Бабушка Шура помолчала. Потом она встала со своего стула и подошла к сыну. Она погладила его по лысеющей голове.
— Всё будет хорошо, Лёшка, — сказала она. — Я буду молиться за Васю твоего.
И ты молись, потому что пороть — поздно уже. Поздно. И жене скажи, чтобы молилась, как могла. Чтобы в церковь шла, даже если не верит.
— Да верит, вроде. Иконку поставила себе…
— И подумай насчёт армии. Если выбирать между Чечнёй и наркотой… Что бы я выбрала…
Глава 21
— Ну, мать, теперь будет в нашей семье — два инвалида!
Это Василия Андреевича выписали из больницы. Слабый, худой. Но глаза — не потухшие! И даже шутит.
— Я, мать, по твоим стопам иду!
— Нет, батенька, — не принимает последователя бабушка Шура. — Я себя инвалидом не считаю, и тебе не советую. Если на клетке со львом повесить надпись «Осёл», то неизвестно, во что может превратиться лев.
— Если не сломает клетку. — ответил Василий Андреич.
— Вот-вот. Ломай клетку, Вася, ломай. Какие твои годы. Какой из тебя инвалид!
— Нет, мать, ты даже расслабиться не даёшь. Инвалидом себя почувствовать. Ломай, ломай… А так хорошо, когда все к тебе приходят, все тебе сочувствуют…
— Надоест, — сказала бабушка.
— Нет, мне это — не надоест, не надейтесь!
— Не тебе, а тем надоест, кто к тебе приходит. И будешь ты бедный, Вася, вот тогда — будешь ты бедный.
— А-а-а… — протянул Василий Андреевич. — Вот оно в чём дело… Да, мать, это верно. Надо прислушиваться к советам умных людей. Ёлки-палки.
— Ладно, Вася, — вступила в разговор Антонина, —
времени ещё мало прошло, мне ещё не надоело. Поэтому, господин больной, извольте пройти к столу и принять овсяной кашки.— Вот так — всегда. Только душа развернётся, только крылышки начнёт расправлять, так найдётся кто-нибудь, и залепит её овсяной кашей.
— Иди, Вася, набирайся сил, — проводила его бабушка.
И Василий Андреевич отправился на кухню. Набираться сил.
К бабушке он пришёл после обеда, когда никого дома не было.

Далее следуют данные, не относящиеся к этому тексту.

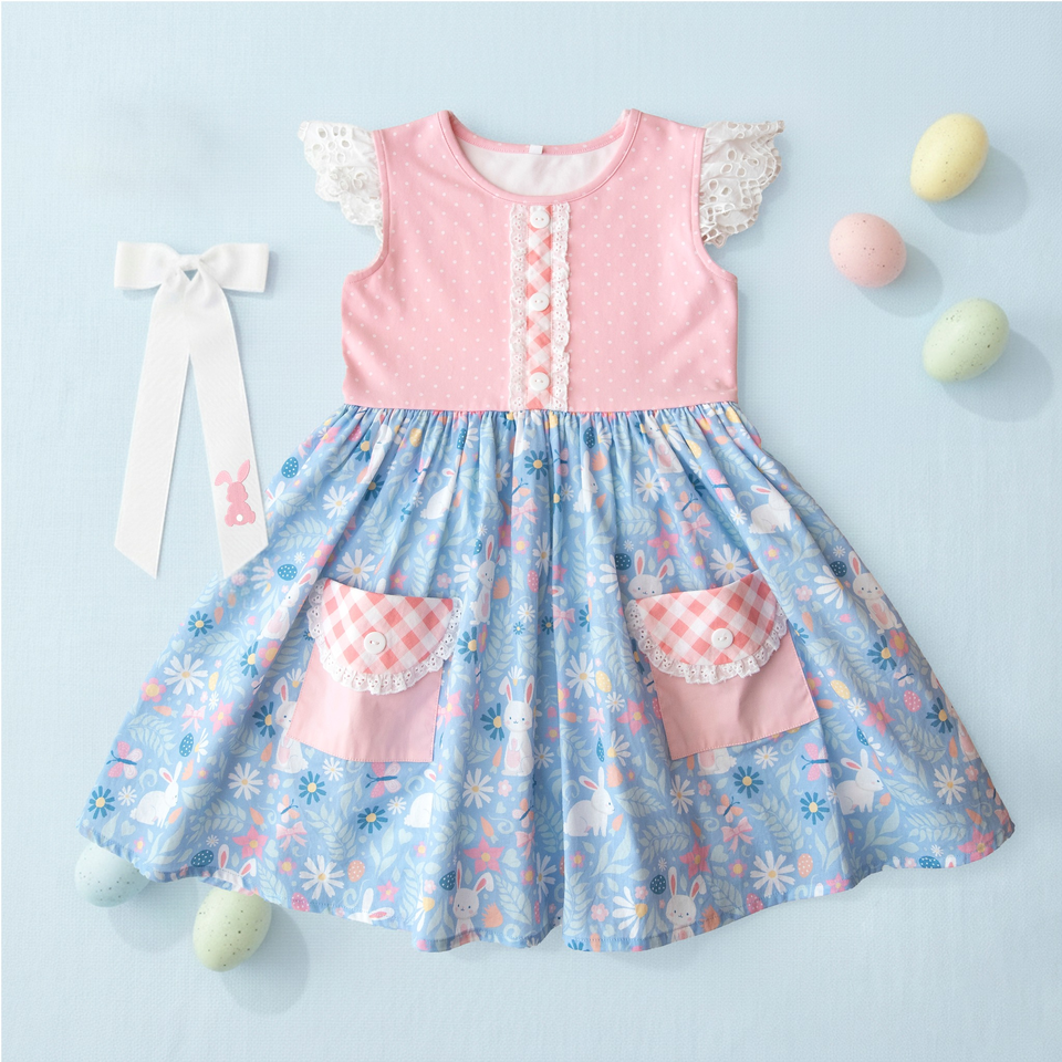 ชุดเดรสเด็กผู้หญิง GSD3412 ลายกระต่ายพิมพ์ลายดอกไม้สีชมพู สำหรับฤดูร้อน แบบไม่มีแขน ความยาวระดับเข่า เหมาะสำหรับงานพิธีศีลจุ่ม
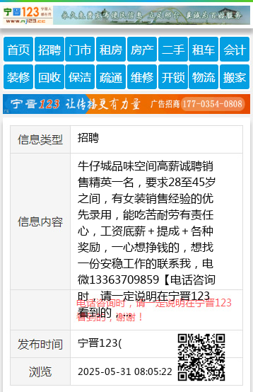 牛仔城品味空间高薪诚聘销售精英一名,要求28至45岁之间,有女装销售经验的优先录用,能吃苦耐劳有责任心,工资底薪+提成+各种奖励,一心想挣钱的,想找一份安稳工作的联系我,电微13363709859 【电话咨询时,请一定说明在宁晋123看到的,谢谢!】 |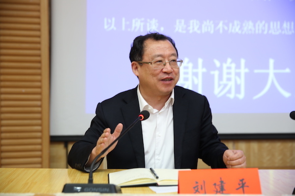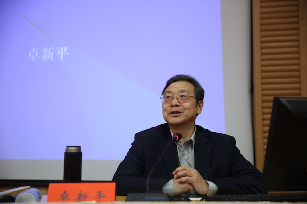 主持人刘建平教授介绍主讲嘉宾卓新平后,全体人员以热烈掌声欢迎卓新平研究员讲话。“我是怀着激动的心情来到湘大的……我感谢湘大给了我立志的机会。”卓新平研究员谈起自己与湘大的渊源,并分享了自己波折而又新奇的异国求学经历,从而引入本次论坛的主题——“中外思想文化特色比较”。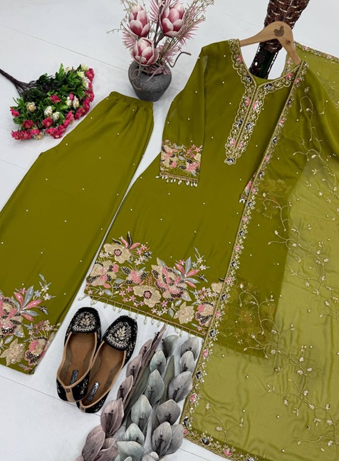 👗FABRICS DETAIL👗 TOP FABRICS : Heavy Fox Georgette TOP WORK : *Heavy Embroidery Sequences Work With Pearl Moti Hand Work And Fancy Lace Border* TOP INNER : Micro cotton TOP LENGTH : 39 Inched PALAZZO FABRICS: Heavy Fox Georgette PALAZZO WORK : Heavy Embroidery Sequences Work With Pearl Moti Hand Work PALAZZO INNER : Micro Cotton PALAZZO LENGTH : 39 Inched PALAZZO SIZE : Full Stitched ( FREE SIZE ) DUPATTA :Heavy Fox Georgette DUPATTA WORK : Heavy Embroidery Sequences Work With Pearl Moti Hand Work DUPATTA SIZE : 2.10-2.20 meter GST SHIPPING EXTRA *WEIGTH : 900GM*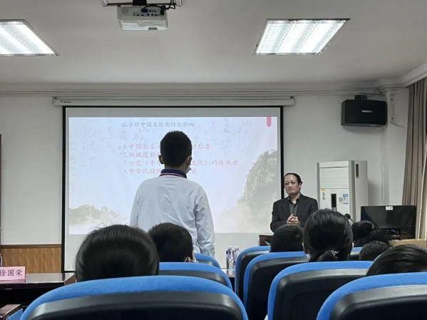 随后,bevictor伟德官网徐国荣教授给同学们带来了题为《孔子与中华文化》的精彩课堂。他从孔子是谁、孔子的形象、孔子在后世有哪些称号三个方面着手,与同学们进行互动,附中的员工纷纷抢答,现场反响热烈。同时,徐国荣教授以“孔子被称为丧家狗”一事,调动了整个课堂的气氛,进一步帮助员工走进孔子的时代、了解孔子的形象。

— Странное такое чувство, мать, — сказал он. — А вот если бы я умер, и не вернулся бы сюда… Солнце — так же вставало бы. И Тоня пошла бы на работу, и дети пошли бы по своим делам… Каждый занимался бы собой…
— Да, это великая тайна. Ушедший — ушёл, остальные продолжают жить. Каждый умирает в одиночку.

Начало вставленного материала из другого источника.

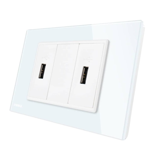 Priza dubla USB Livolo cu rama din sticla - standard italian, alb, VL-C392U-81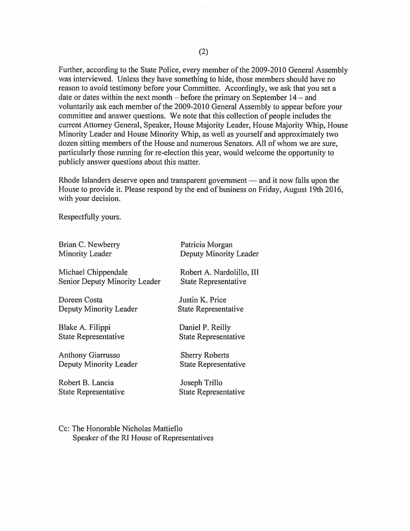 I would like to publicly call on Speaker Mattiello to step up and follow the advice of his opponent Steven Frias and “ask the House Oversight Committee to begin a full investigation into 38 Studios and use its subpoena powers to obtain documentation collected by State Police and the R.I. Attorney General related to 38 Studios.”
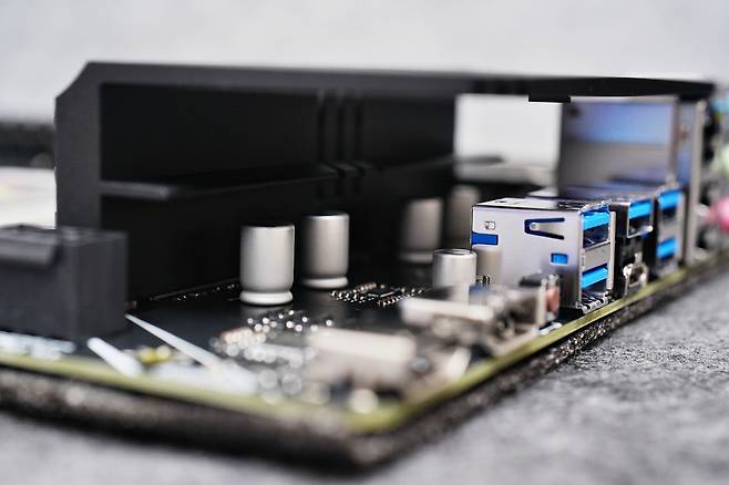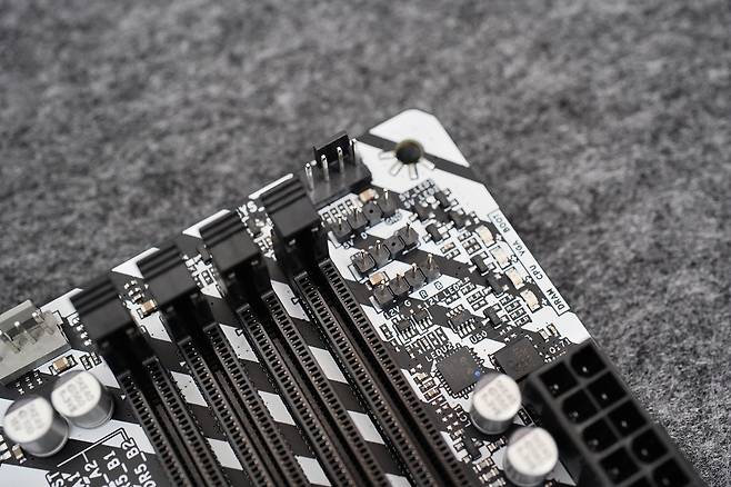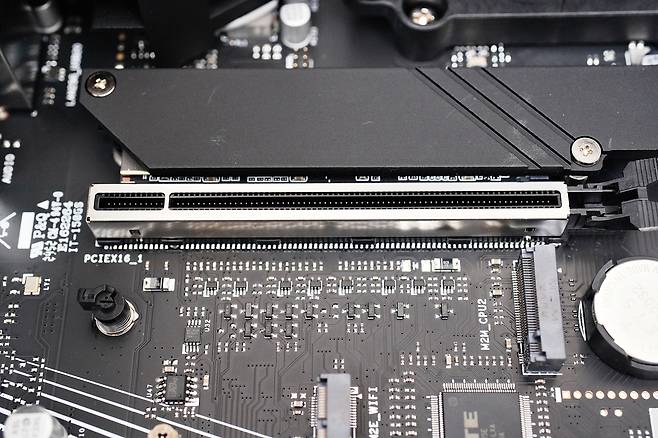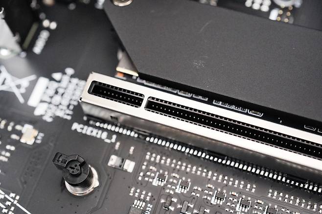 PCB는 메탈 가드 없이도 견고하게 제작되어 무거운 그래픽카드 장착 시에도 슬롯 휘어짐 없이 안정적인 사용이 가능합니다. 슬롯의 내구성과 메인보드의 구조적 안정성 모두 고려된 설계입니다.

— И как же можно существовать, зная это?
— А это — уже из разряда мудрости. Пришла твоя очередь, Вася, становиться мудрым. Тебя протащило около смерти, и по касательной — ты её задел. Щедр и милостив Господь, долготерпелив и многомилостив. Тебе показал Бог — частицу вечной жизни. Теперь надо, чтобы ты это правильно понял.
— Сердцем я понял, мать. Сердцем — я всё понял, но умом… Всё равно не могу. И как стал выздоравливать, снова сомнения накатывают, и нет уж той чистоты… Нет уже чувства вечности, которое было там, на операционном столе… Оно ведь сродни счастью, это чувство.
— Значит, мы испытали — одно и то же. И ты, и я. А враг обкрадывает нас, и забирает у нас это чувство. Мы слабы, и противостоять ему не можем. И снова приходят сомнения. Приходят… Житейская суета приходит, и выбивает у нас из-под ног… тот краеугольный камень, на котором мы должны стоять. Ты прав, Вася. Я… тогда, после своей операции… каждую ночь себя спрашивала: «Ты помнишь? Ты не забыла?» А потом уже начала читать, и вера начала во мне крепнуть. Я — такая же как ты, Вася.
— Да, мать…
Если не хочешь это растерять — читай. Читай! Не стоит думать, что люди, которые жили раньше, были глупее нас. Нет. Не были. И так же верили, и так же сомневались, и книги писали — для нас. Можно ещё пойти, со священником поговорить. С умным священником поговорить… И мне бы… Я хочу уже сделать всё так, как надо. Пашку, что ли, попросить… Исповедоваться я хочу, и причаститься.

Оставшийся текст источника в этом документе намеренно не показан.